:: Data shown ::

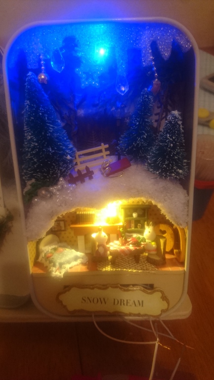 Вот такую красоту мы собрали и склеили из наборов "Лесная рапсодия" и "Зимняя сказка". Это домики для зайчиков, зайчики тоже идут в комплекте. Собирали всё полностью сами, склеивали крошечную мебель (столики, кроватки, шкафчики, угощение), клеили обои. Проводили свет в домики. Да, в домиках можно включать свет, над небом тоже проходят лампочки и они мигают разными цветами.
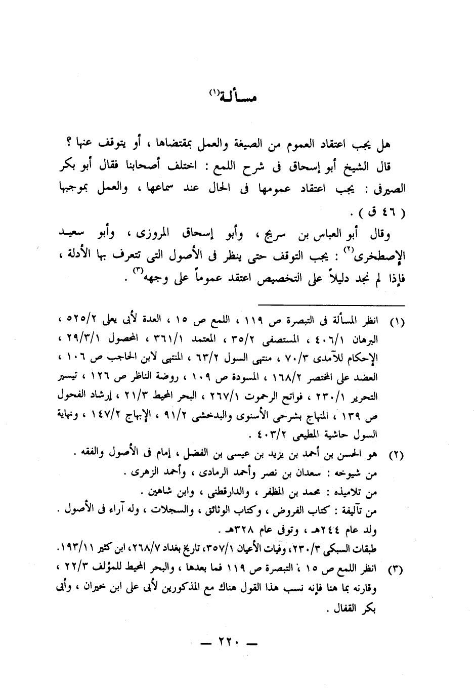 (١) انظر المسألة فى التبصرة ص ١١٩، اللمع ص ١٥، العدة لأبى يعلى ٢/ ٥٢٥، البرهان ١/ ٤٠٦، المستصفى ٢/ ٣٥، المعتمد ١/ ٣٦١، المحصول ١/ ٣/ ٢٩، الإحكام للآمدى ٣/ ٧٠، منتهى السول ٢/ ٦٣، المنتهى لابن الحاجب ص ١٠٦، العضد على المختصر ٢/ ١٦٨، المسودة ص ١٠٩، روضة الناظر ص ١٢٦، تيسير التحرير ١/ ٢٣٠، فواتح الرحموت ١/ ٢٦٧، البحر المحيط ٣/ ٢١، إرشاد الفحول ص ١٣٩، المنهاج بشرحى الأسنوى والبدخشى ٢/ ٩١، الإبهاج ٢/ ١٤٧، ونهاية السول حاشية المطيعى ٢/ ٤٠٣.
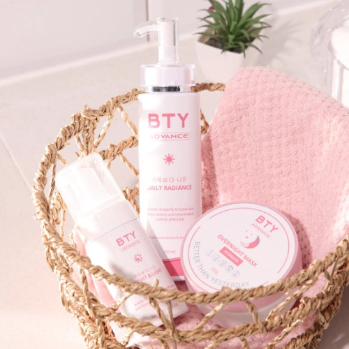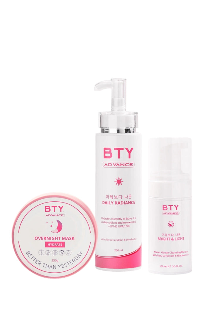 The set includes BTY InstaGlow (Lotion), BTY Overnight Mask (cream), and BTY Sunstick (sunscreen).
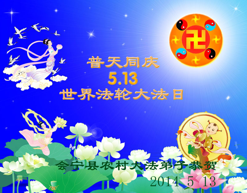 天津市宁河县一个乡镇的全体大法弟子庆祝2014年5.13世界法轮大法日,恭祝伟大的师尊生日快乐! 我们要履行誓约,全身心地助师正法,救度众生,做到真正的“正法时期的法轮大法弟子”。 辽宁省营口熊窑农村全体大法弟子恭贺慈悲伟大的师尊生日快乐!热烈庆祝五月十三日世界法轮大法日!
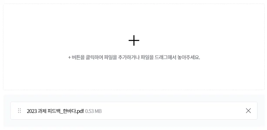 (+) 버튼을 클릭해 파일 첨부 혹은 드래그해 주세요.

:: Your goal ::
Only an exact copy is wanted: the lines from the opening of the material through the line that has "The set includes", minus any pictures.

:: Exercise output ::
 Вот такую красоту мы собрали и склеили из наборов "Лесная рапсодия" и "Зимняя сказка". Это домики для зайчиков, зайчики тоже идут в комплекте. Собирали всё полностью сами, склеивали крошечную мебель (столики, кроватки, шкафчики, угощение), клеили обои. Проводили свет в домики. Да, в домиках можно включать свет, над небом тоже проходят лампочки и они мигают разными цветами.
 (١) انظر المسألة فى التبصرة ص ١١٩، اللمع ص ١٥، العدة لأبى يعلى ٢/ ٥٢٥، البرهان ١/ ٤٠٦، المستصفى ٢/ ٣٥، المعتمد ١/ ٣٦١، المحصول ١/ ٣/ ٢٩، الإحكام للآمدى ٣/ ٧٠، منتهى السول ٢/ ٦٣، المنتهى لابن الحاجب ص ١٠٦، العضد على المختصر ٢/ ١٦٨، المسودة ص ١٠٩، روضة الناظر ص ١٢٦، تيسير التحرير ١/ ٢٣٠، فواتح الرحموت ١/ ٢٦٧، البحر المحيط ٣/ ٢١، إرشاد الفحول ص ١٣٩، المنهاج بشرحى الأسنوى والبدخشى ٢/ ٩١، الإبهاج ٢/ ١٤٧، ونهاية السول حاشية المطيعى ٢/ ٤٠٣.
 The set includes BTY InstaGlow (Lotion), BTY Overnight Mask (cream), and BTY Sunstick (sunscreen).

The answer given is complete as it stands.